Nous voilà donc avec un bateau au mouillage, une bulle de spi à mi-étai, et sans annexe pour aller à terre.

 

On file sur nos couchettes et chacun réfléchit, en attendant le jour !

Pour moi, l'évidence est là. Il faut découper cette bulle au couteau. Il n'y a pas d'autre solution, et en essayant de ne rien casser. «Ça suffa comme ci» !

 

Le jour se lève et je trouve une astuce pour pouvoir travailler là-haut, tout le long de l'étai, là où sont les premiers noeuds. Je me fais hisser en haut du mât, je passe une cravate derrière l’étai, retenant ma chaise contre cette dernière. Ensuite, mes moulineurs en bas me laissent descendre doucement le long de l'étai, la cravate me retenant tout contre. Cela me permet de travailler les deux mains libres.

 

Après une bonne heure de boulot, et deux rincées glacées, nous arrivons a dégager le tout et libérer l'étai et l'enrouleur de génois. Le spi et sa chaussette sont en lambeaux.

 

Il est maintenant temps de nous engager dans la passe pour rejoindre le port de plaisance.

 

Finalement, la fin de cette traversée aurait pu être fêtée sur l’instant dans une ambiance plus festive. Mais je pense qu'on va rattraper cela ce soir.

 

En tant qu'auteur du noeud de l'annexe, je propose à Alan un petit dédommagement financier qu’il accepte. Les bons comptes font les bons amis.
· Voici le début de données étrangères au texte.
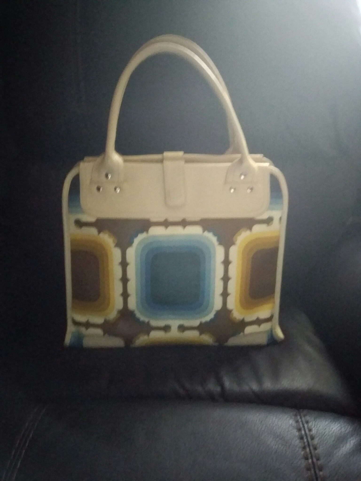 Very nice Lg Orla Kiely tote bag. Multiple colors. Cream, brown,blue, yellow.
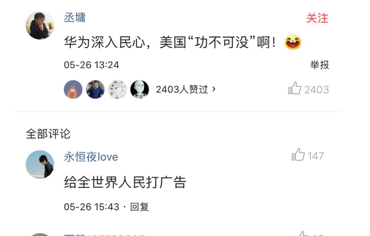 有網友朋友說華為深入民心,美國“功不可沒”,的確,華為能夠得到國外行動上支持首先肯定是產品自身足夠優秀獲得了用戶的肯定,美國所謂冠冕堂皇的借口在世人看來是站不住腳,這一行徑只是將其的霸權主義演繹的淋漓盡致,另外就是讓我們看到了自己國家的企業的產品在國外也是深得人心。
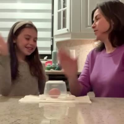 A woman and young girl play the egg smash challenge then the girl smashes the egg and yells in the living room.
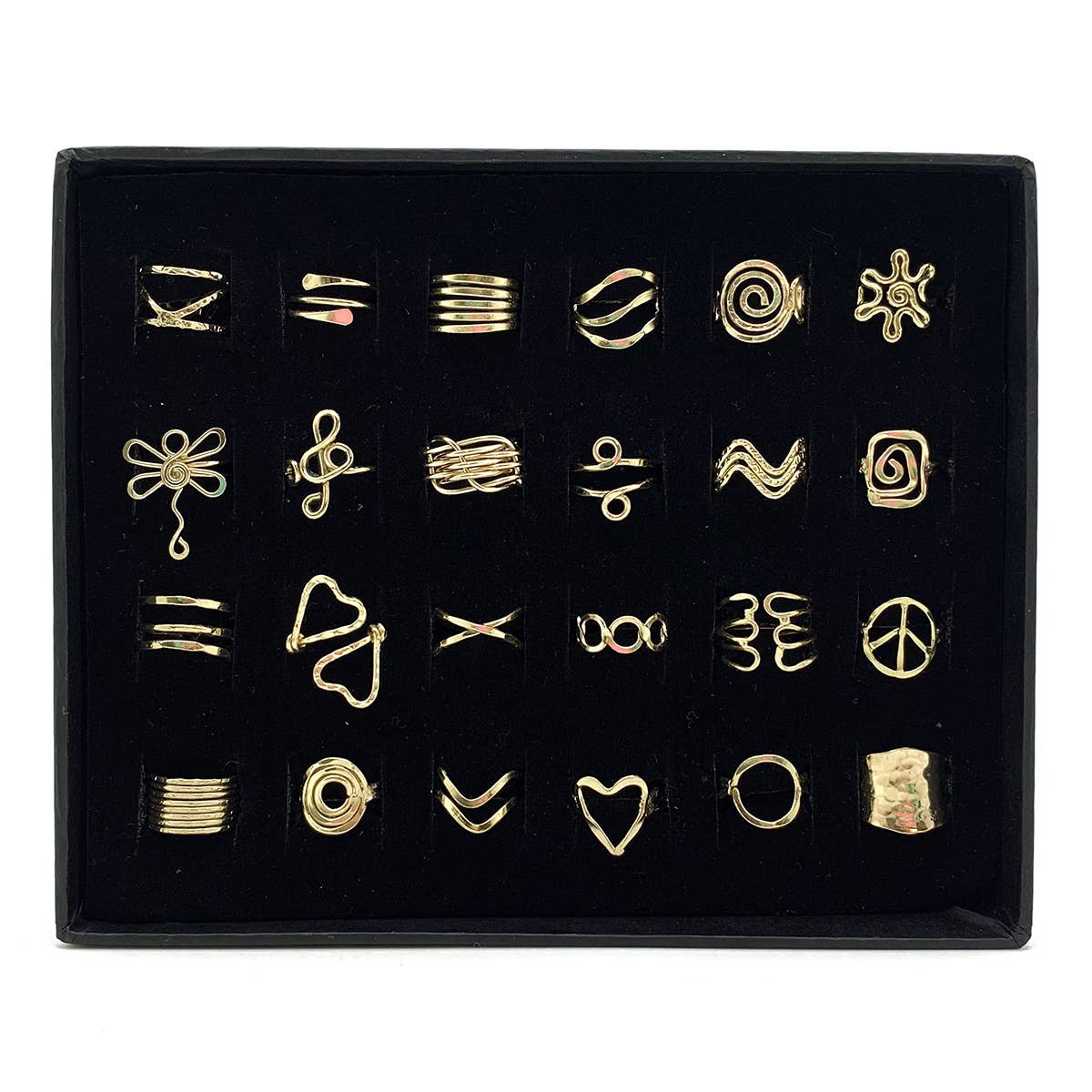 24 Assorted gold-plated brass adjustable rings. No display included.
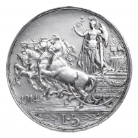 5 Lire Quadriga Briosa 1914 - Zecca: Roma - Diritto: effigie del Re a destra - Rovescio: l'Italia elmata con scudo e ramo d'ulivo su quadriga briosa a sinistra - Rara - Lievi tracce di montatura
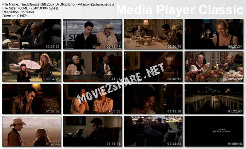 Jason thought his inheritance was going to be the gift of money and lots of it. Was he ever in for a big surprise. Based on the best-selling book "The Ultimate Gift" by Jim Stovall, the story sends trust fund baby Jason Stevens on an improbable journey of discovery, having to answer the ultimate question: "What is the relationship between wealth and happiness?" Jason had a very simple relationship with his impossibly wealthy Grandfather, Howard "Red" Stevens. He hated him. No heart-to-heart talks, no warm fuzzies, just cold hard cash. So of course he figured that when Red died, the whole "reading of the will" thing would be another simple cash transaction, that his Grandfather's money would allow him to continue living in the lifestyle to which he had become accustomed. But what Red left him was anything but simple. Red instead devised a plan for Jason to experience a crash course on life. Twelve tasks, which Red calls "gifts," each challenging Jason in an improbable way, the accumulation of which would change him forever.
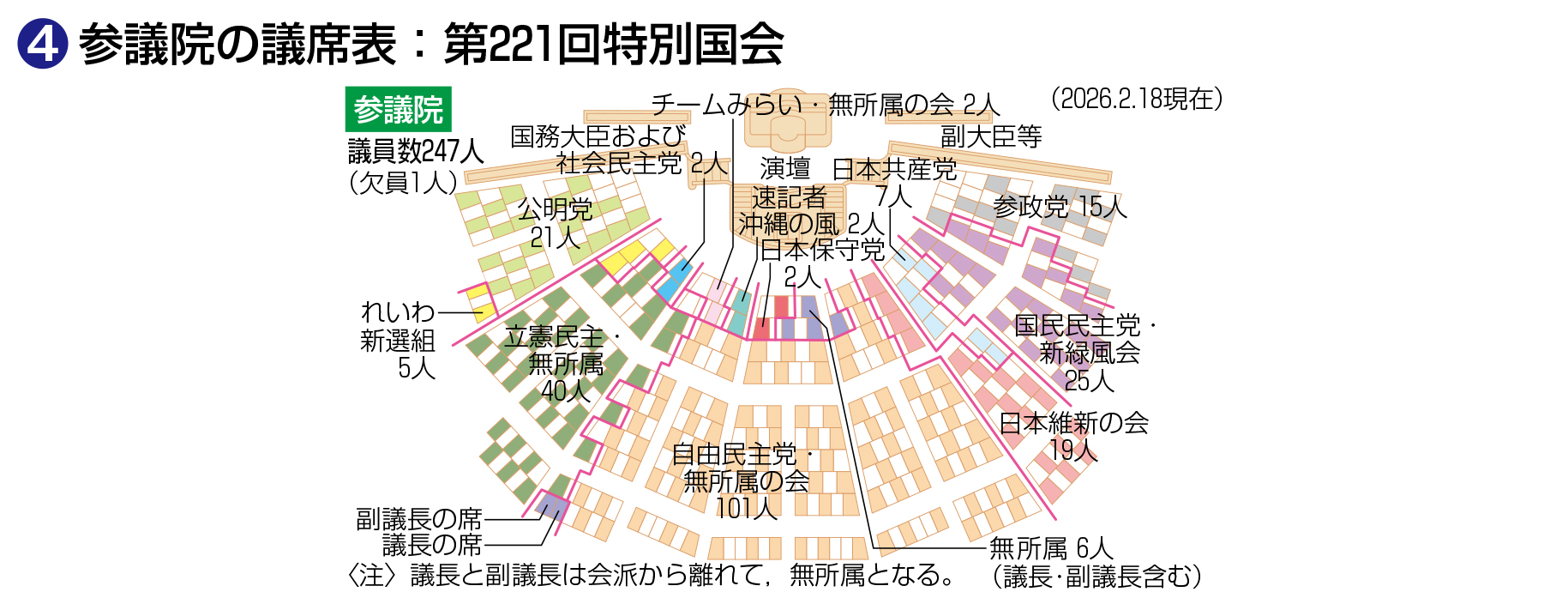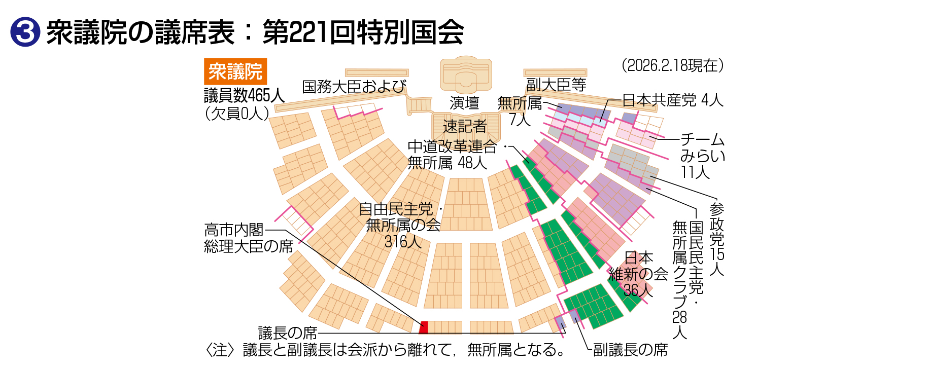 〈注〉政党・政治団体名,議員数は2026年3月2日現在。沖縄社会大衆党は政党助成法の政党要件を満たしていない政治団体。
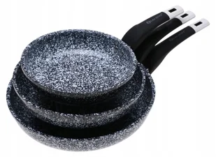 Zestaw trzech patelni z powłoką marmurową Marmurowa powłoka charakteryzuje się bardzo wysoką odpornością na ścieranie i przywieranie. Odporna na wysokie temp...

Ceci dit, il a du faire jouer l’assurance, mais il s’est bien gardé de me le dire, contrairement à ce qu’il s’était engagé à faire. Cet homme est très sympathique, mais un peu margoulin quand même.

 

Je suis resté à Ste Lucie 3 jours, le temps de trouver un avion pour rentrer !

Mais cette île merveilleuse m'a donné envie d'y retourner. Un jour prochain... qui sait ?

 

J’avais (enfin) réussi à faire MA transat.

 

Je ne savais pas encore qu’il allait y en avoir une autre.